At University today, some of the Italian students were talking about a ship that goes from Alexandria to Venice, but it would cost more then double that to get a domestic flight to say, Rome for example. Summer flights have always been horrendous, but what you are saying is making me want to move fast in changing my return flight date back to London... I booked it to leave Cairo end of July, as I had planned before to travel around Jordan and/or Palestine and Lebanon straight after my course is over until end of July. That's not gonna happen now - so am gonna see if I can try and change my flight to as soon as school is done!


----------



## MaidenScotland (Jun 6, 2009)

ArabianNights said:


> At University today, some of the Italian students were talking about a ship that goes from Alexandria to Venice, but it would cost more then double that to get a domestic flight to say, Rome for example. Summer flights have always been horrendous, but what you are saying is making me want to move fast in changing my return flight date back to London... I booked it to leave Cairo end of July, as I had planned before to travel around Jordan and/or Palestine and Lebanon straight after my course is over until end of July. That's not gonna happen now - so am gonna see if I can try and change my flight to as soon as school is done!




My flight with Iberia to Alicante.. they are looking for 8000 LE and that is the cheapest ticket.. I like to fly business but don't think I will be this summer

August


----------



## JochenvW (Jan 9, 2012)

We hear from our airlines that booking numbers for the summer are soaring. Unfortunately for the tourism industry it's the Egyptians and Expats booking summer vacation outside Egypt while usually it was the other way round. Business Class is less affected.


----------



## bat (Dec 1, 2010)

JochenvW said:


> We hear from our airlines that booking numbers for the summer are soaring. Unfortunately for the tourism industry it's the Egyptians and Expats booking summer vacation outside Egypt while usually it was the other way round. Business Class is less affected.

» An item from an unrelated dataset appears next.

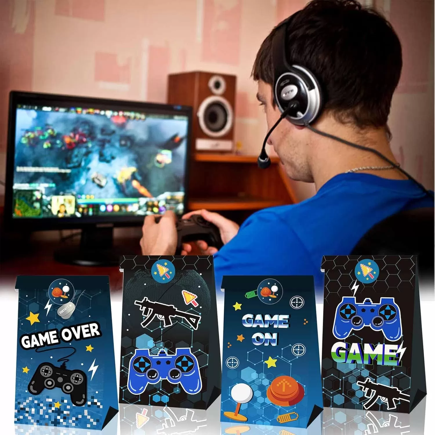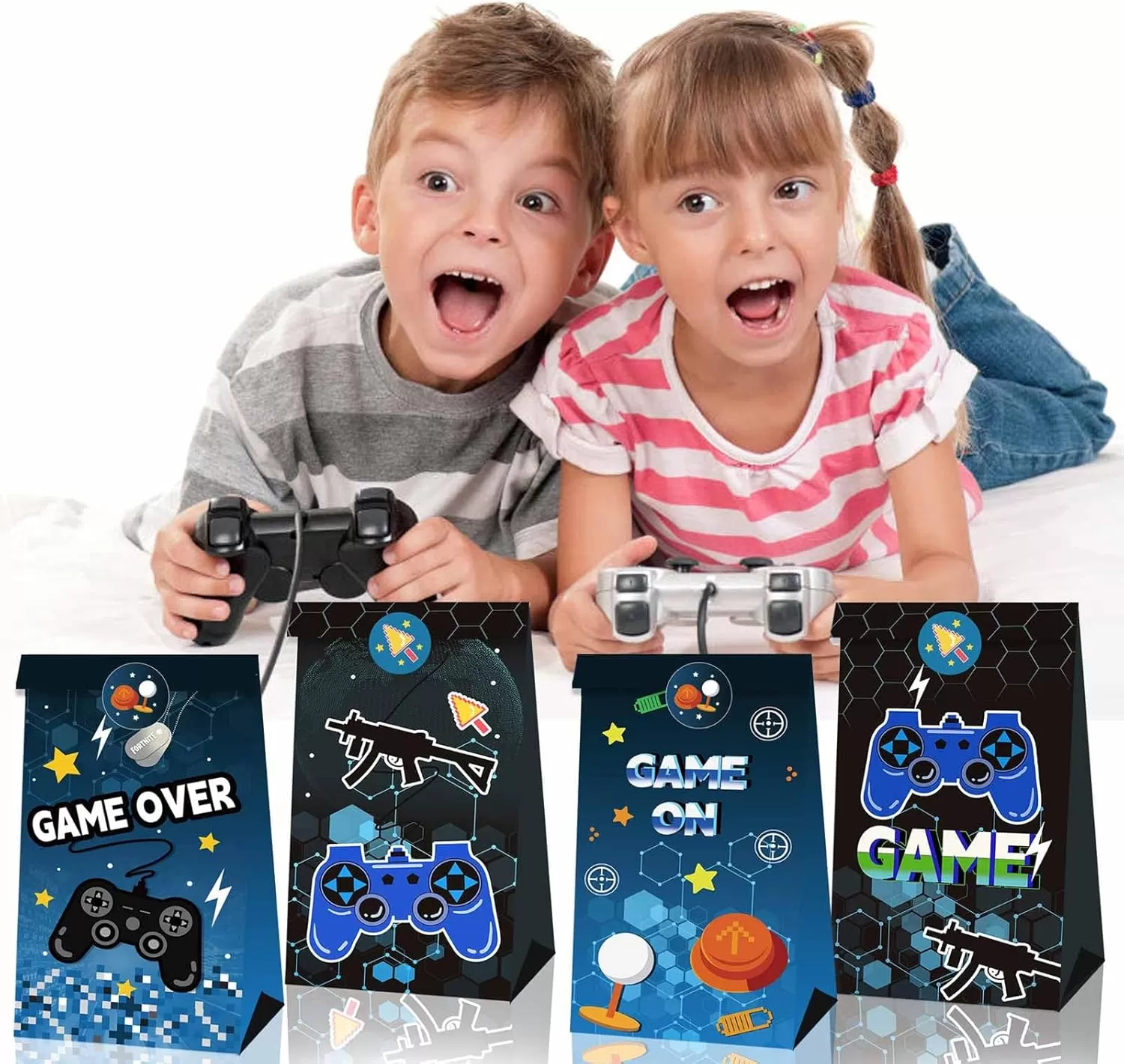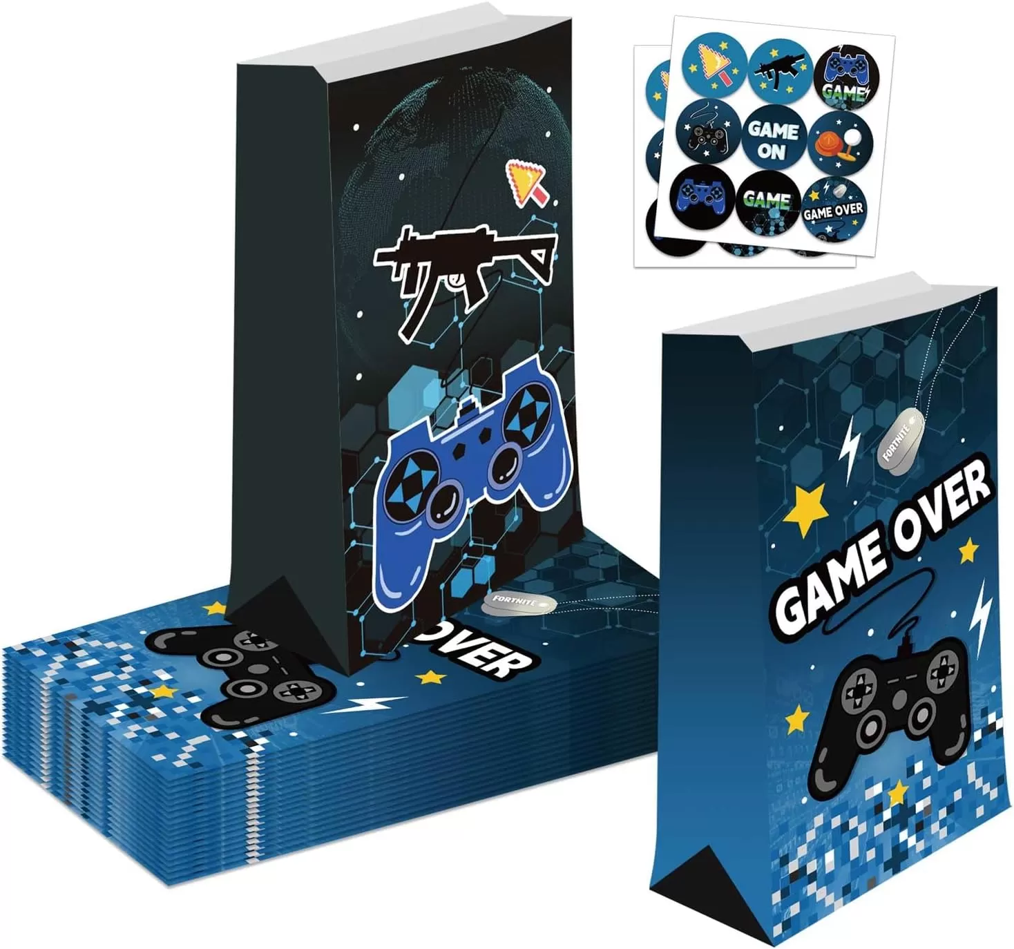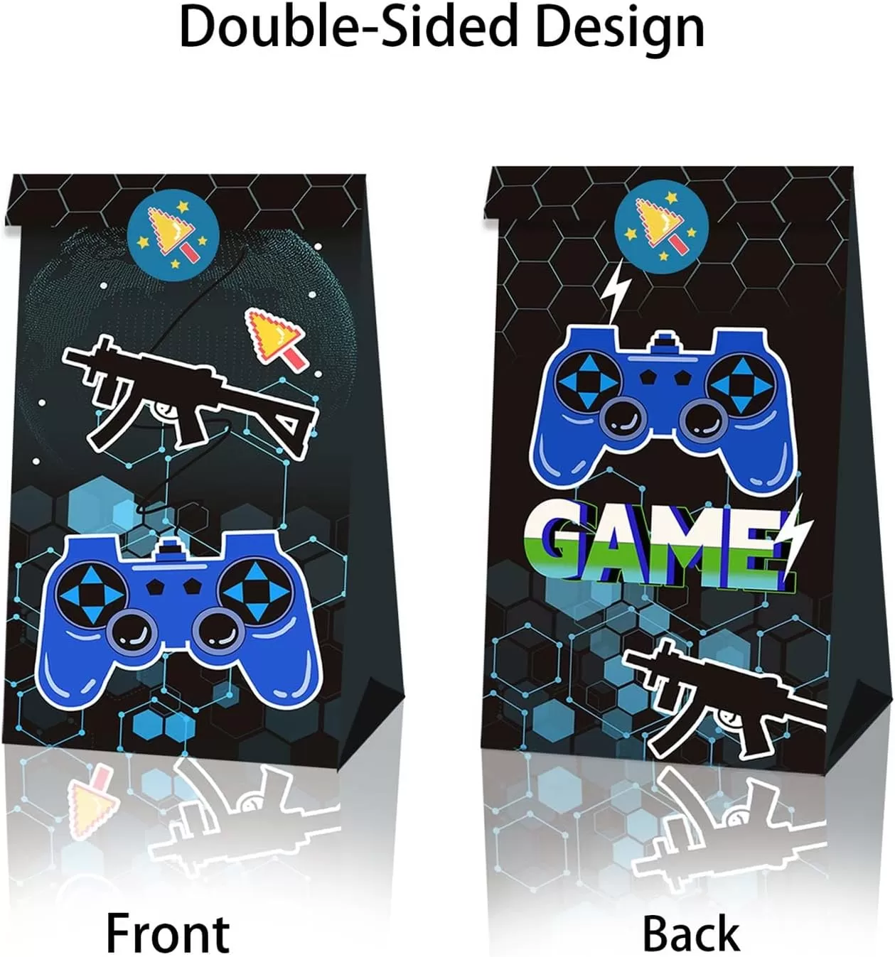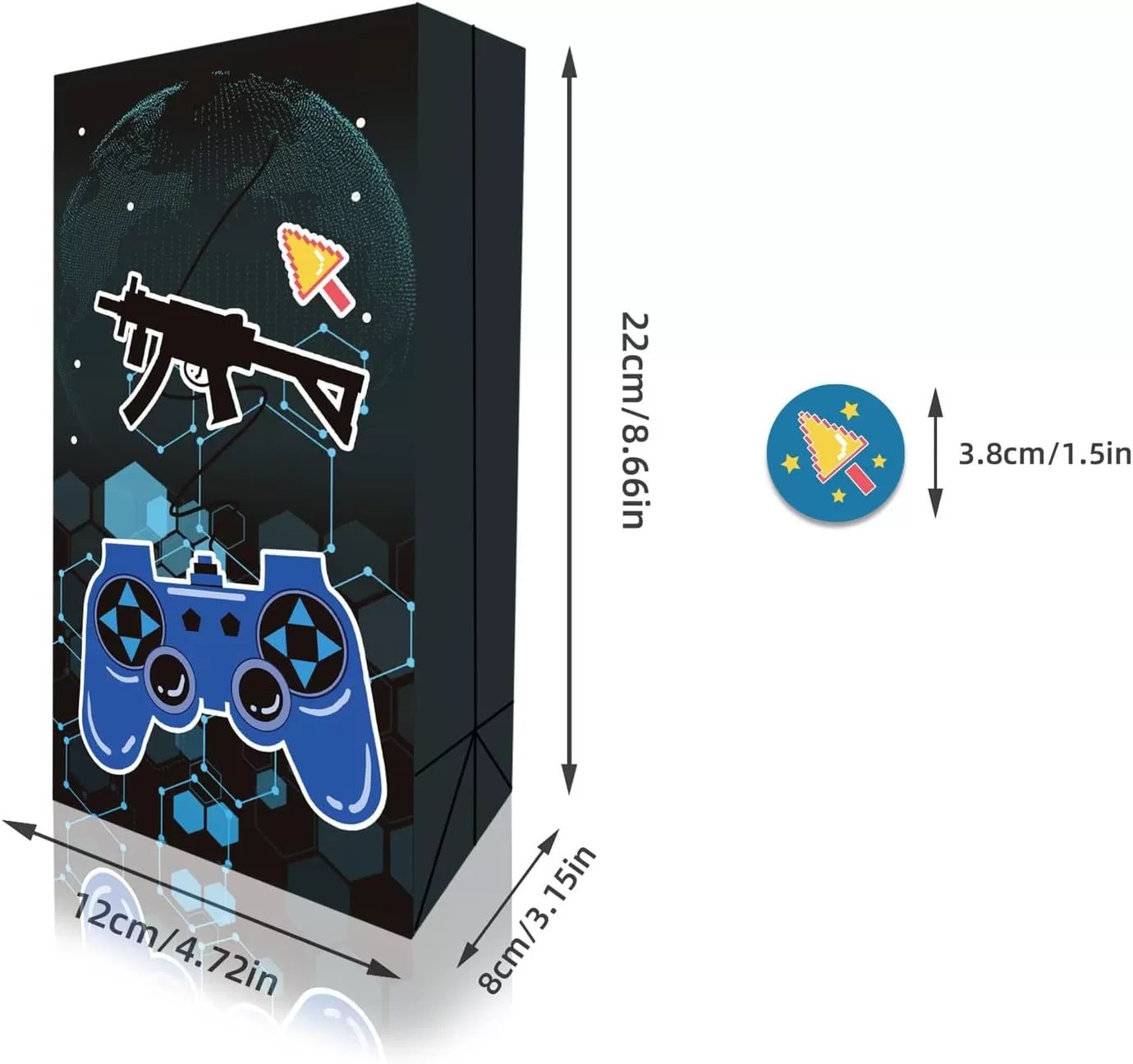 クールなゲームコントローラーテーマの紙袋:この12ピースのゲームコントローラーの紙袋は、古典的なコントローラーボタン、方向キー、またはクールなゲーム要素のパターンで印刷された目を引くゲームコントローラーテーマのデザインを特徴としています。

See klm prices ok but lots of sold out dates, just as well I'm staying this summer, still paying off on my credit card what I spent last summer.
So it will be back garden and a beer for me this summer!!
Bat


----------



## JochenvW (Jan 9, 2012)

bat said:


> See klm prices ok but lots of sold out dates, just as well I'm staying this summer, still paying off on my credit card what I spent last summer.
> So it will be back garden and a beer for me this summer!!
> Bat


don't forget to stock up in time before Ramadan


----------



## bat (Dec 1, 2010)

JochenvW said:


> don't forget to stock up in time before Ramadan


Already stocking up.


----------